Twenty-nine studies had at least 50% pain relief as an outcome. Across these studies the mean (probably unweighted, but not stated) was 59% of patients achieving this outcome at some follow-up point, with a range of 15% to 100%. Fourteen studies reporting one year follow up with success defined as stimulator in use with at least 50% pain relief. In these, the mean across study success rate was 62%, again with a range of 15% to 100%.

Fewer studies reported success at later follow up times. At two years five trials reported a mean of 64% success (range 55% to 74%). At five years three studies reported a mean of 53% success (range 50% to 55%). At ten years one study reported 35% success.

Complications were common. In 13 studies any complication occurred in 42% of patients (range 20% top 75%). These were predominantly stimulator or electrode problems (mean 30% and 24% respectively, range 0% to 75%). Infection was less common, occurring in 5% of patients in 20 trials that reported it (range 0% to 12%). Most complications appeared to be minor.
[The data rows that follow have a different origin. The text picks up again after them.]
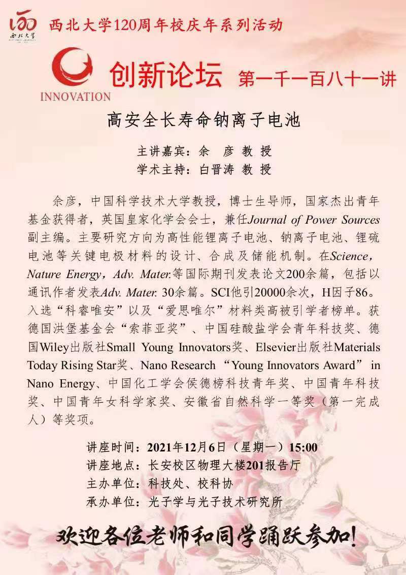 余彦 教授 乐鱼网页版页面登录创新论坛第一千一百八十一讲暨120周年校庆年系列活动:高安全长寿命钠离子电池 讲座时间 2021年12月6日(星期一)15:00 讲座地点 长安校区物理大楼201报告厅 讲座人介绍 余彦 教授 讲座内容
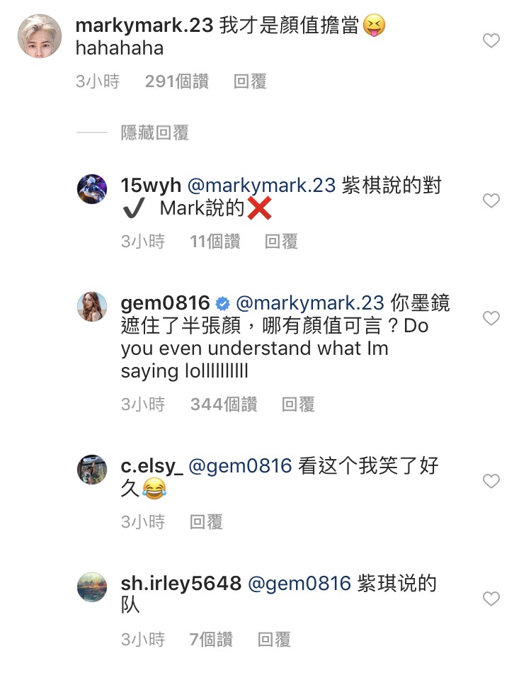 不過,鄧紫棋隨即在貼文底下補充說明「沒辦法誰叫我是顏值擔當」,對此,男友Mark卻立即在留言處打臉女友並爭著說「我才是顏質擔當」並貼上吐舌頭的表情符號相當淘氣,然而鄧紫棋卻回應「你墨鏡遮住了半張顏,哪有顏值可言」兩人不停回嘴被粉絲認為相當有趣並表示「看這個笑了好久」、「閃閃閃姐姐」、「紫棋現在越來越皮」。
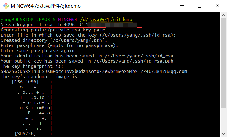 ssh-keygen -t rsa -b 4096 -C "your_email@example.com"" "里面是自己GItHub的邮箱
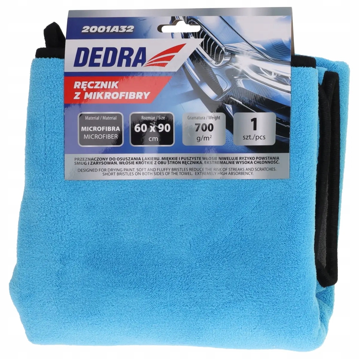 Ręcznik z mikrofibry DEDRA to niezastąpiony pomocnik w pielęgnacji samochodu, idealny do osuszania lakieru, szyb oraz innych powierzchni nadwozia.
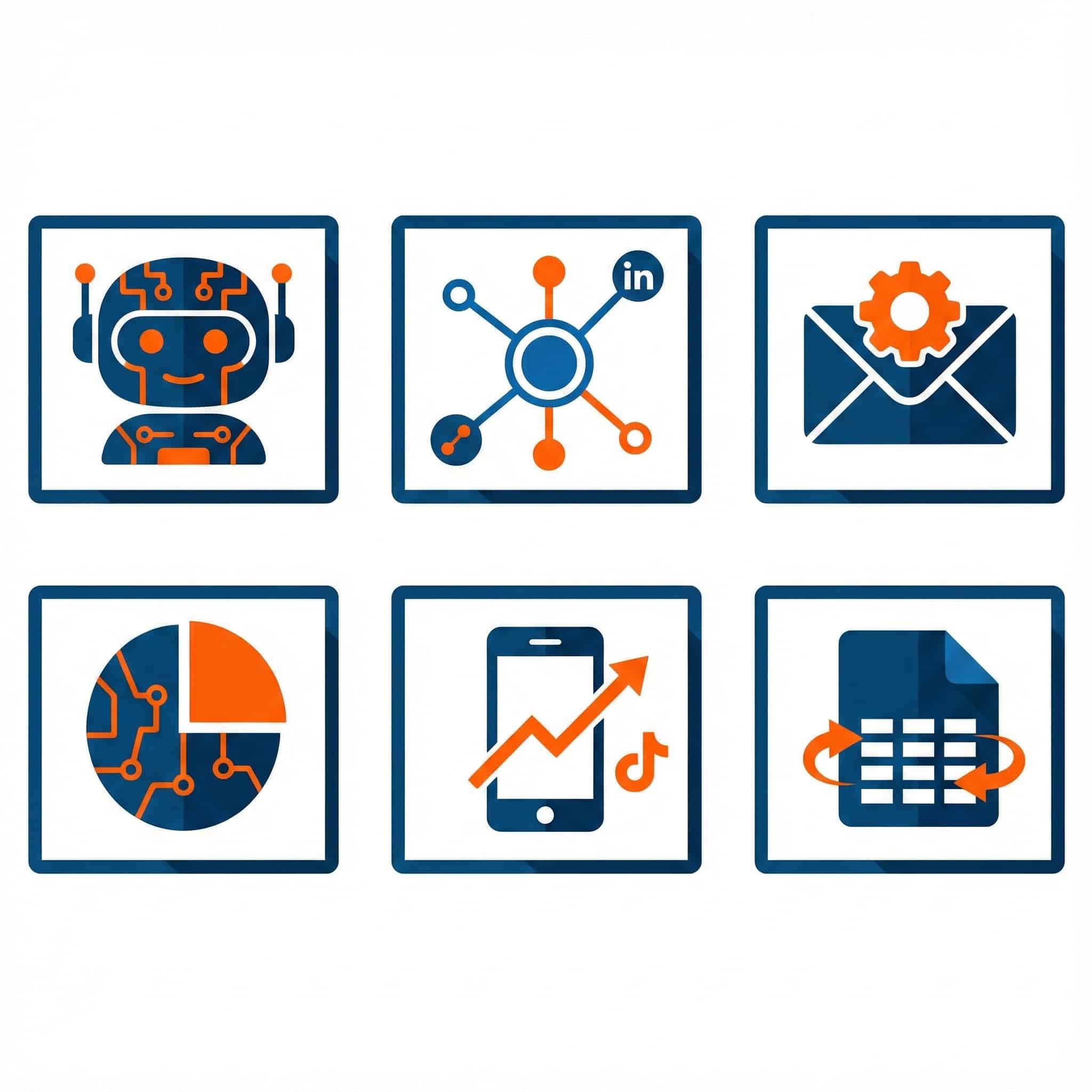 Set of 5 square icons on white: 1) AI assistant, 2) LinkedIn network nodes, 3) Email with gear, 4) TikTok phone + graph, 5) Google Sheets table + automation arrow. Dark blue (#003366) + orange (#FF5E00). Flat design with subtle shadow.
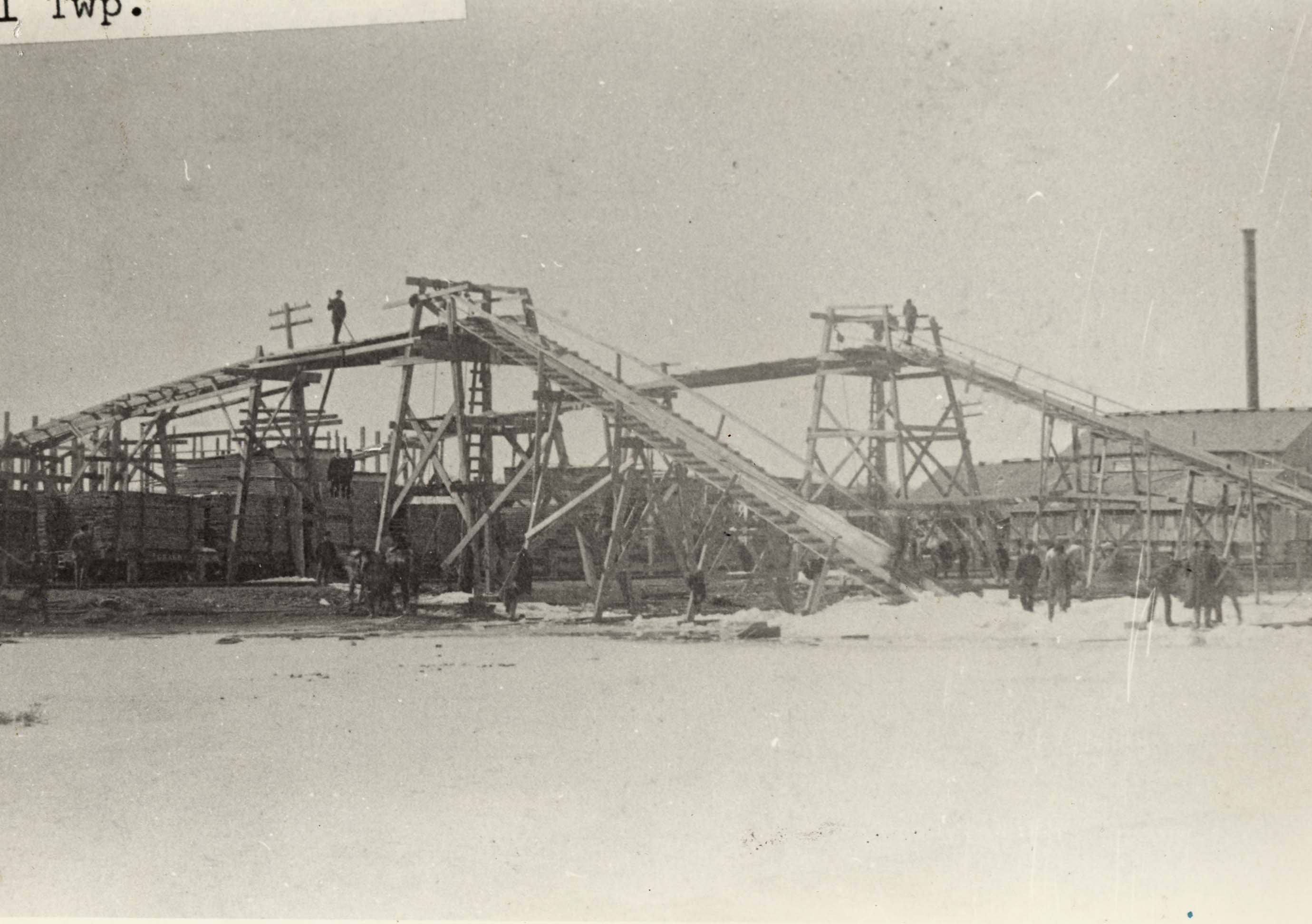 Photo of the mechanized ice loader and conveyor used by the Belle Ewart Ice Company to transport large blocks of ice from Lake Simcoe into ice houses for storage or directly onto train cars for shipping. The photo shows two large side-by-side structures with numerous men visible at the base of the conveyors, directing the ice blocks with long poles, as well as a man at the top of each structure to help reposition blocks that may have shifted on their way up. The Belle Ewart Ice Company was the first of three large companies that used Lake Simcoe to supply ice to homes throughout Ontario and some of the northern United States.
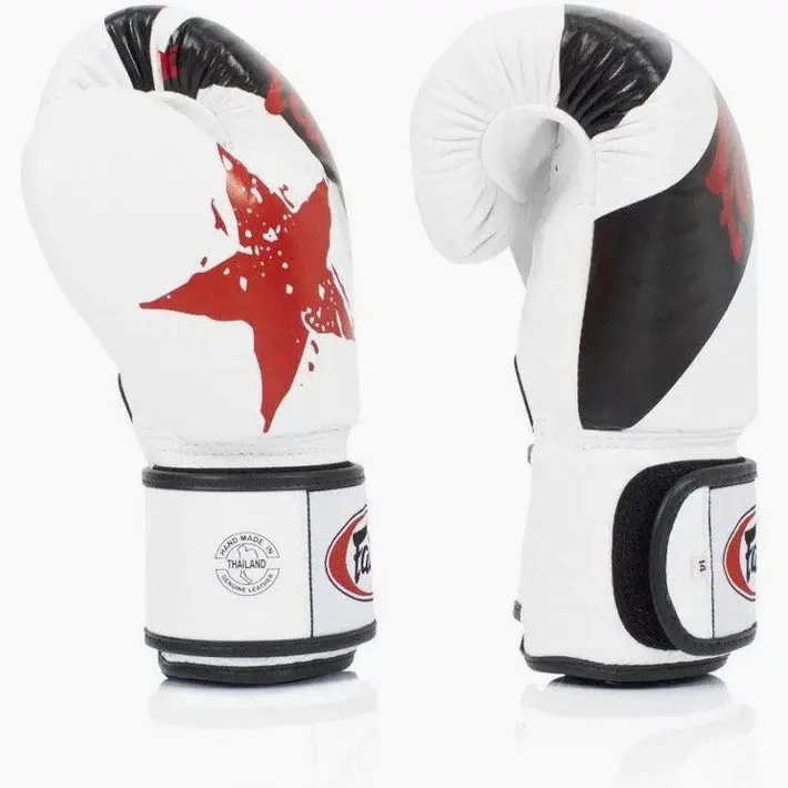 Boxerské rukavice Fairtex Nation Prints určite nezostanú nepovšimnuté ako pre ich technické vlastnosti, tak aj pre ich podmanivú grafiku. Vyrobené z materiálov najvyššej kvality, sú to 100% koža, synonymum odolnosti a trvanlivosti.
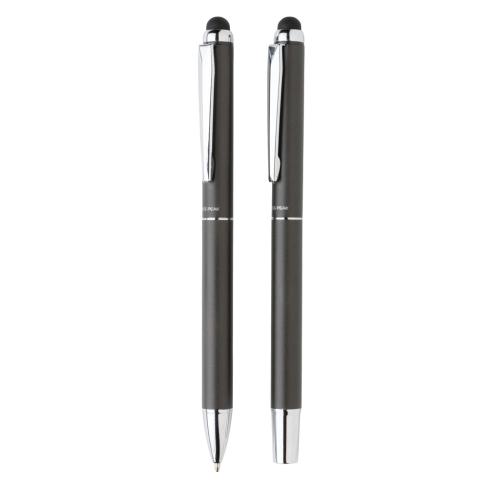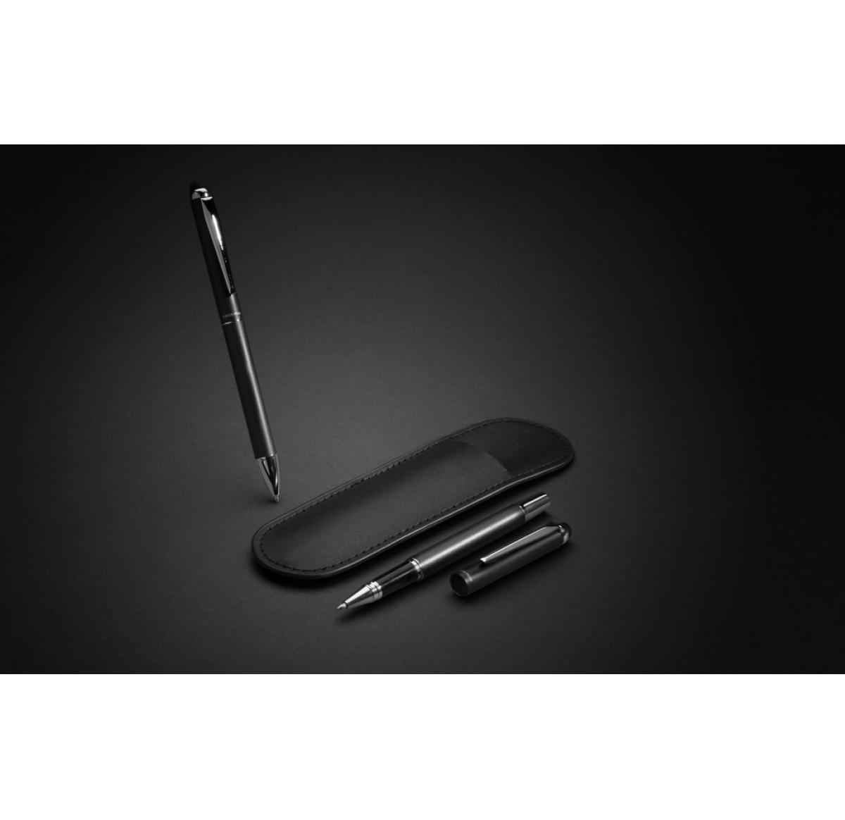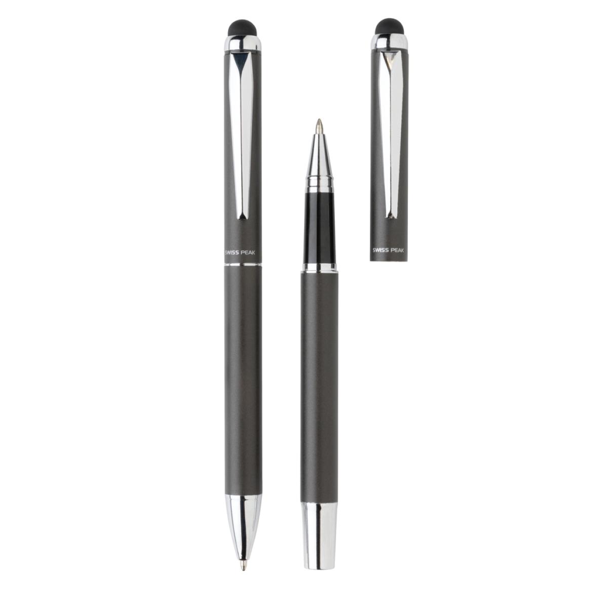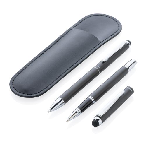 This Swiss Peak deluxe pen set includes one ballpoint and one rollerball to deliver the total writing experience. Both of the items featured in this gift set feature a quality aluminium barrel and beautiful matt gunmetal finish. Each pen includes blue coloured Dokumental ink. The writing length for the pen is 1200 metre and the roller ball is 400 metre. The pen set comes in a luxury PU pouch and black gift box.

So we have interesting information, but no real certainty that it is right.

Reference:

  1. JA Turner, JD Loeser, KG Bell. Spinal cord stimulation for chronic back pain: a systematic literature synthesis. Neurosurgery 1995 37: 1088-96.

Diagnostic tests

Bandolier seeks reviews and insight on these. Few exist, though one is reported this month. We continue, though, to be intrigued by the triumph of simple clinical scoring over laboratory technology. One example (that of alcoholic cirrhosis ) this month is obvious, but the underwhelming ability of the biochemistry to make the diagnosis is fascinating, especially when highly publicised court cases make life-turning decisions based on some laboratory estimations.

Help wanted

Bandolier continues to be impressed by the searching questions posed by its readers, but is struck by how few of you see reviews (or other sources of evidence) you feel sufficiently important to ask Bandolier to carry so that others can benefit. Your help is requested in 1997 to bring to Bandolier's attention evidence worthy of trumpeting abroad.

Using reviews


One reader, recently awakened to Bandolier's usefulness, has asked for us to revisit NNT calculations, and how to make the best of a systematic review. This year we will try to find a review which will enable us to 'walk you through' the process and calculations.